Six months after its foundation, the ETH spin-off LatticeFlow has received USD 2.8 million from two venture capital investors. The aim of this move, as the new company reveals in a press release, is to support its ambitious vision of ensuring reliable and trustworthy AI. Overcoming this strategic challenge will enable the safe use of AI technology, say the company’s founders.
While there have been significant advances in the development of artificial intelligence in the past decade, many AI models are still overwhelmed when it comes to productive, real-world use outside controlled research environments. This can result in errors and unwanted behaviours. Consider a driver assistance system that misreads a stop sign in difficult light conditions – when the sun is shining on the camera, for example – or because the stop sign is combined with other signage.
Spin-off improves AI models
“Our mission is to close this gap and enable companies to develop and use trustworthy AI,” says co-founder and CEO Petar Tsankov. To achieve this, the spin-off is developing a product that assesses the robustness and reliability of AI models, while providing actionable insights into how to improve them and ensure safety. “The first step in improving the reliability of AI models is the ability to comprehensively assess the models during development and deployment,” says co-founder and CTO Pavol Bielik.
Computer science professors Martin Vechev and Andreas Krause, also co-founders of the company, focus on researching and developing principles of trustworthy AI technologies at the ETH AI Center. The ERAN system developed by Professor Vechev and his team, for example, last year won a competition that was based on the issue of safety certification of artificial intelligence, outperforming teams from MIT, Oxford, Imperial College London, UIUC and elsewhere. “We’d like to use the spin-off to help transfer the technology developed at ETH to industry,” explains Krause, Head of the ETH AI Center.

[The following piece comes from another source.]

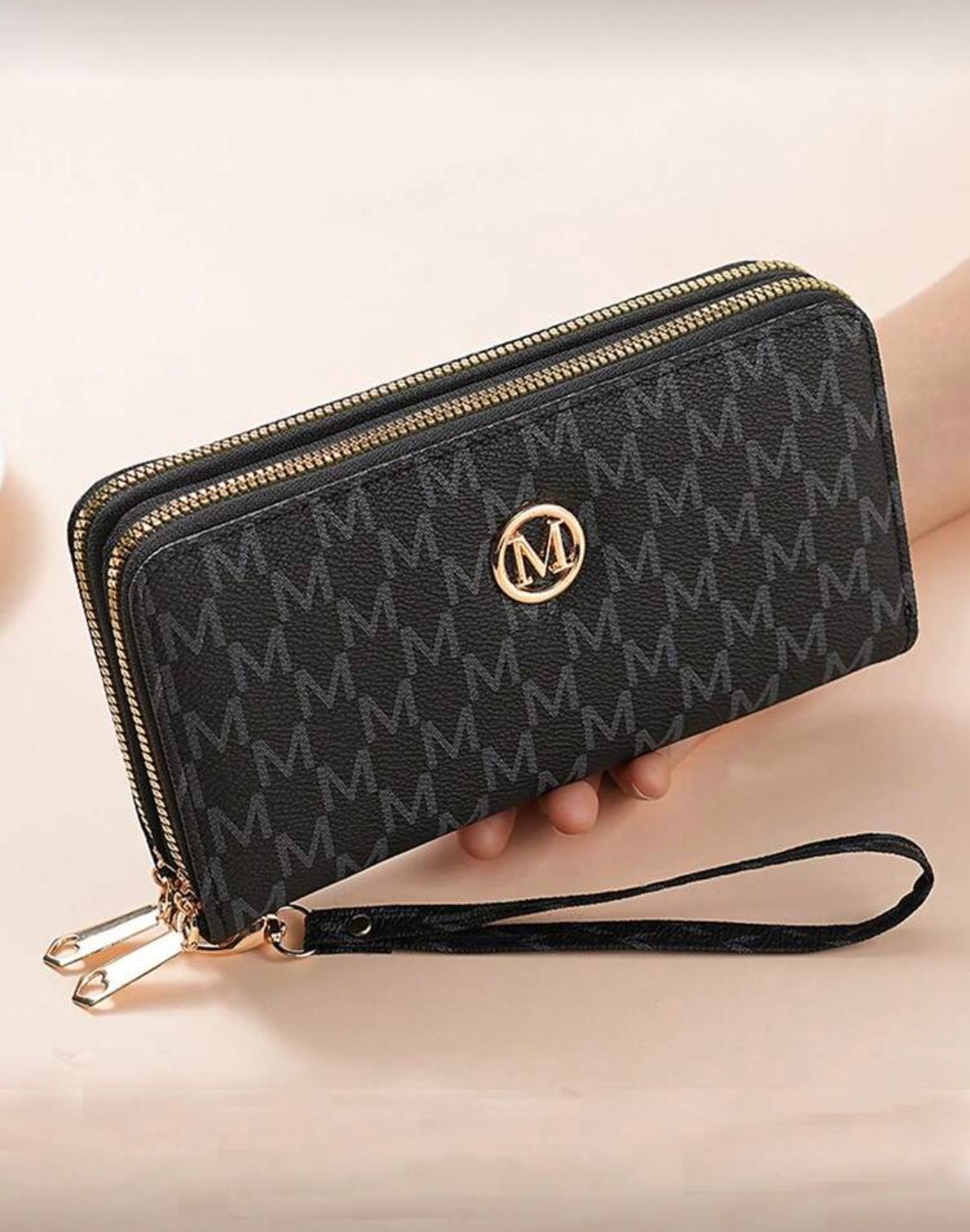 CARTERA NEGRA CON DOBLE CIERRE Y CORREA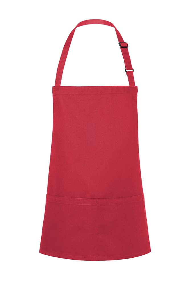 Kurze Latzschürze der Serie "Basic" mit Schnalle und Tasche. Bänder aus Schürzenstoff - zusätzliche Strapazierfähigkeit durch Nahtsicherung an den Schürzenbändern. Die Latzbandlänge kann einfach und flexibel durch eine Schnalle eingestellt werden (Länge bis 70 cm). Mit aufgesetzter Tasche mit zwei Fächern (40 x 20 cm). Zertifiziert und geprüft gemäß STANDARD 100 by OEKO-TEX®. · Material: 65% Polyester, 35% Baumwolle (215 g/m²) · Größe 75 x 60 cm · Normalwaschgang bis max. 60 °C, mäßig heiß bügeln bis max. 150° C (Dampf erlaubt), nicht bleichen oder im Wäschetrockner trocknen. Professionelle Trockenreinigung möglich

Interest from prestigious clients
Various institutions such as the Swiss Federal Railways (SBB), the US Army and the German Federal Office for Information Security (BSI) are already working with LatticeFlow. Ilir Fetai and Andre Roger, who head up the Machine Perception competence centre at SBB, comment: “Machine learning (ML) is a central issue for SBB, as we see significant potential in its use for the improved, intelligent and automated monitoring of our rail infrastructure. This project targeting robust and reliable AI with LatticeFlow, ETH and Siemens plays an important part in successfully realising the benefits of ML.” LatticeFlow now plans to press ahead with the development of its product using the new funding it has received.